Oba Dokun Abolarin’s 15 Years On The Throne

By Festus Adedayo

In this age when Nigerian traditional institutions are fast becoming the preoccupation of charlatans and those whom esophagus drives to the throne, one traditional ruler in Yorubaland stands out. He is Oba Adedokun Abolarin, the Orangun of Oke-Ila in Osun State. Installed the Orangun in 2006, Oba Abolarin will clock 15 years on the throne on Wednesday, December 8.

My path and that of the royal father crossed in 1999 on the reconstituted editorial board of the Nigerian Tribune newspaper. On the board, which had the late Dr. Chris Uroh as Chairman, Dokzy, as we used to call him, unbeknown to us that we were stomping on an Ori Ade, (one whose head was destined to wear the beaded traditional crown) was the sole legal mind who intervened on editorial topics that bordered on the legal on the board.
It didn’t take me long to realize that Dokzy had an obsessive passion for education. He would obstinately stick to the need for our youths of today to walk the path of education and was a staunch believer in the Awolowo School of politics. Outside of the board, Dokzy consistently asked what my next educational move was. In his recognized evocative manner of advocating his points at board meetings, Dokzy was always very serious while marshalling his points and waxing lyrical in the process. You would think he was a poet on a poetry troubadour.

Dokzy gave me the one and only opportunity of meeting the demigod-like Professor Emeritus of History, Isaac Adeagbo Akinjogbin, who was the first Professor and Head of Department of History at the Obafemi Awolowo University, Ile-Ife. Akinjogbin, who authored the highly venerated texts Dahomey and Its Neighbour, 1708-1818″ (1987), Ewe Iwoyi 1968) and The Story of Ketu (1867) died July 27, 2008 at age 78. Apparently having got wind of the professor coming to the Ibadan Premier Hotel for an event, Dokzy took me there, to the feet of this demigod, and asked me to document his thoughts for posterity in a newspaper interview. I remember having asked Akinjogbin if he was bothered that some people read nihilism into some of his historical views and he disclaimed it immediately.
When Dokzy was installed as Orangun of Oke Ila in 2006, many who knew him were thoroughly shocked. Yes, he pontificated on the purity of the past, especially Nigeria’s First Republic, coating this with his vast understanding of developments in Yorubaland and especially, the geography and historical figures who once lived in Ibadanland, no one had an inkling that he was of the royal blood or that even if offered, the very urbane Dokzy, with his very profound sartorial power, would condescend to be numbered among those aged group. By then, Dokxy had established the renown of a successful legal practitioner by his Dokun Abolarin & Co, with a vast network among the Nigerian social and political class. Shortly before he mounted the stool, he was appointed and served as Special Adviser (Legal) to Senator Pius Anyim, who was then the Senate President of Nigeria.

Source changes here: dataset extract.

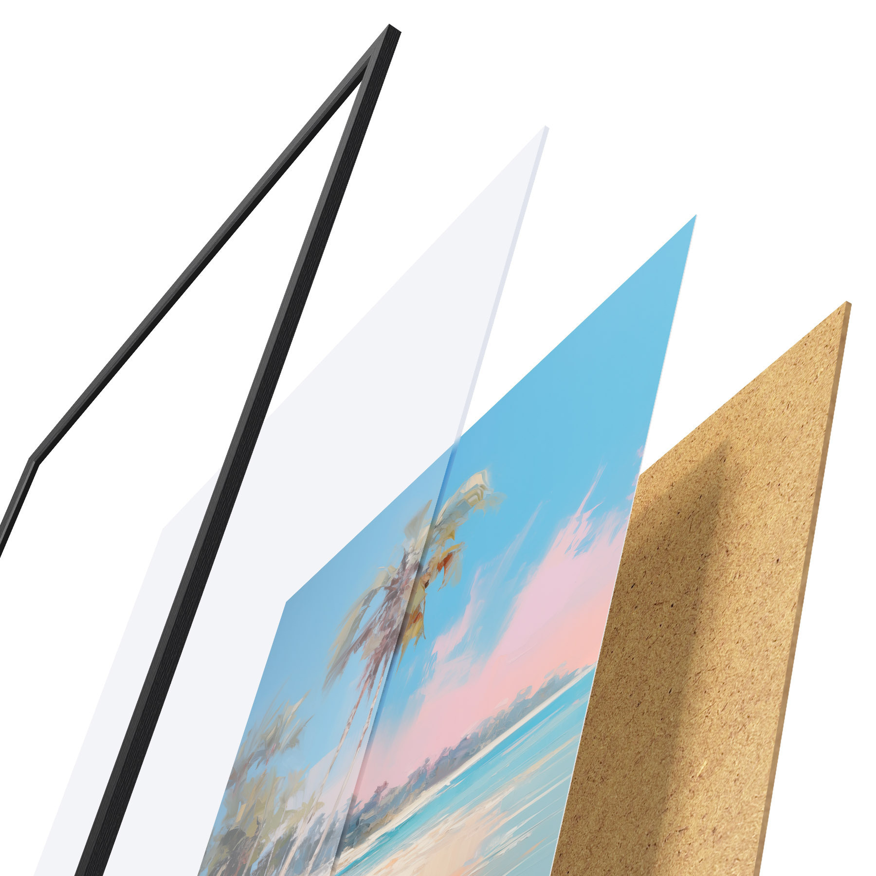 Plakat składa się z ramy, pleksi, wydrukowanego obrazu i podkładu z płyty wiórowej. Plakat można natychmiast zawiesić na ścianie dzięki uchwytom z tyłu.
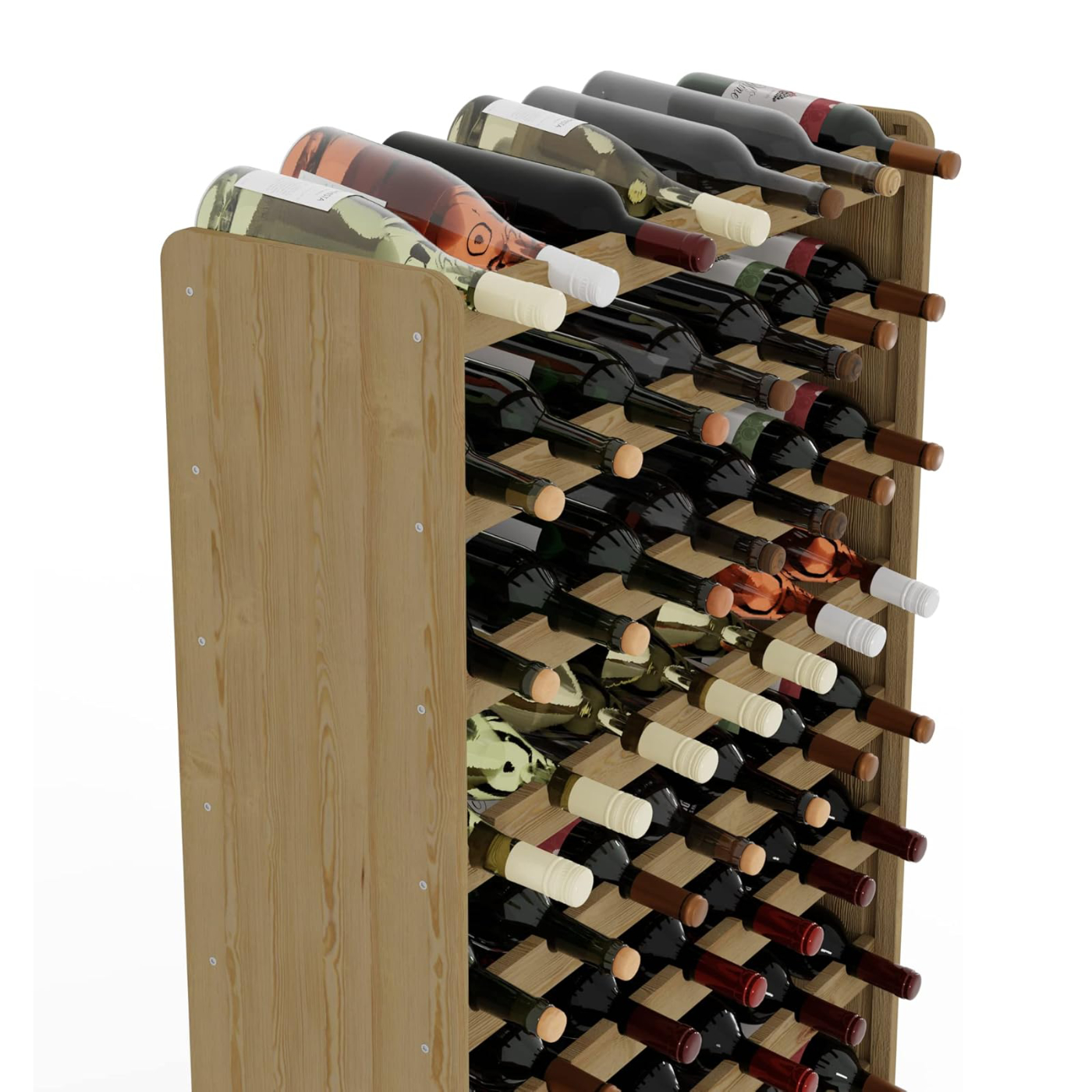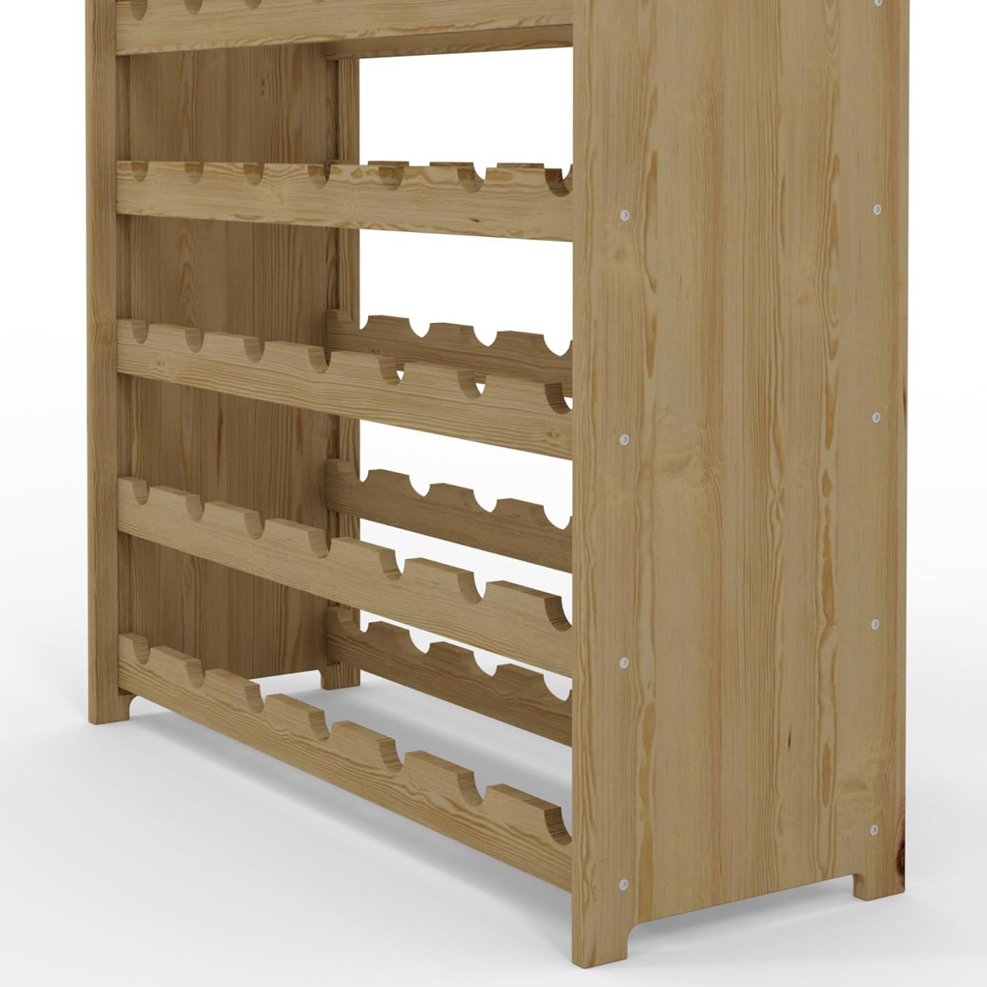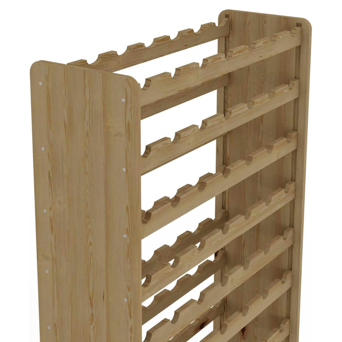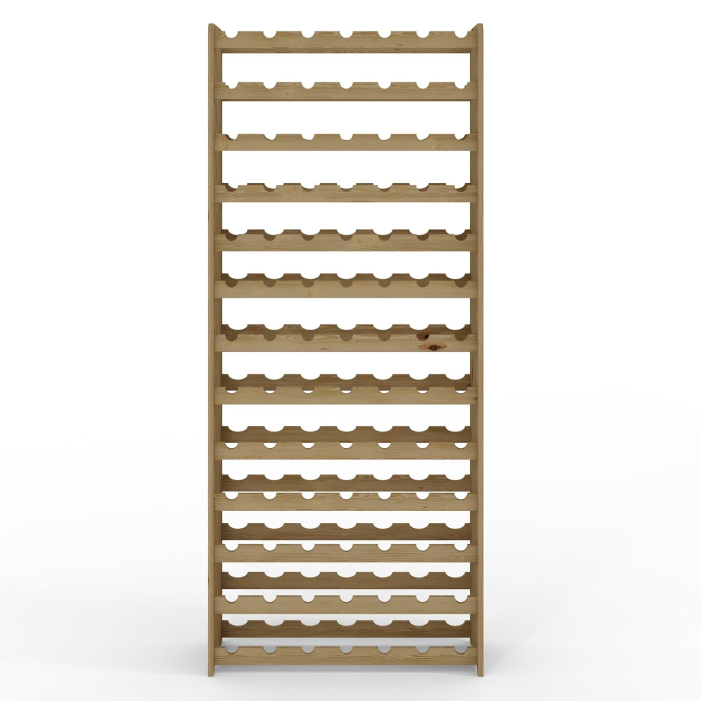 Dieses Weinregal aus massivem Kiefernholz in natürlicher Farbe ist die perfekte Lösung für Weinliebhaber mit einer großen Sammlung. Mit Platz für 91 Flaschen bietet es enorm viel Stauraum und sorgt für die optimale Lagerung Ihrer edlen Tropfen.

Not long after he mounted the throne of his forefathers, the reason why Providence placed Oba Abolarin on the stool and why he gladsomely did not refuse to be made the king of his people, became manifest. He began the Oba Abolarin College and rallied all his social and political networks down to this rusty town of Oke-Ila. Highly cerebral and a teacher of teachers who taught so many at the Oyo State College of Arts and Science (OSCAS) with his MSc in Political Science, before veering into law, Oba Abolarin has since been deploying this teaching acumen on the children of the poor he assembled in his college, the result of this exercise being the cache of excellent children the school has been graduating.

This is wishing Kabiyesi, Oba Dokun Abolarin, Aroyinkeye I, BSc (Political Science), MSC (International Relations) LLB, BL, a very happy anniversary. May God continue to sustain him for humanity, for decades to come.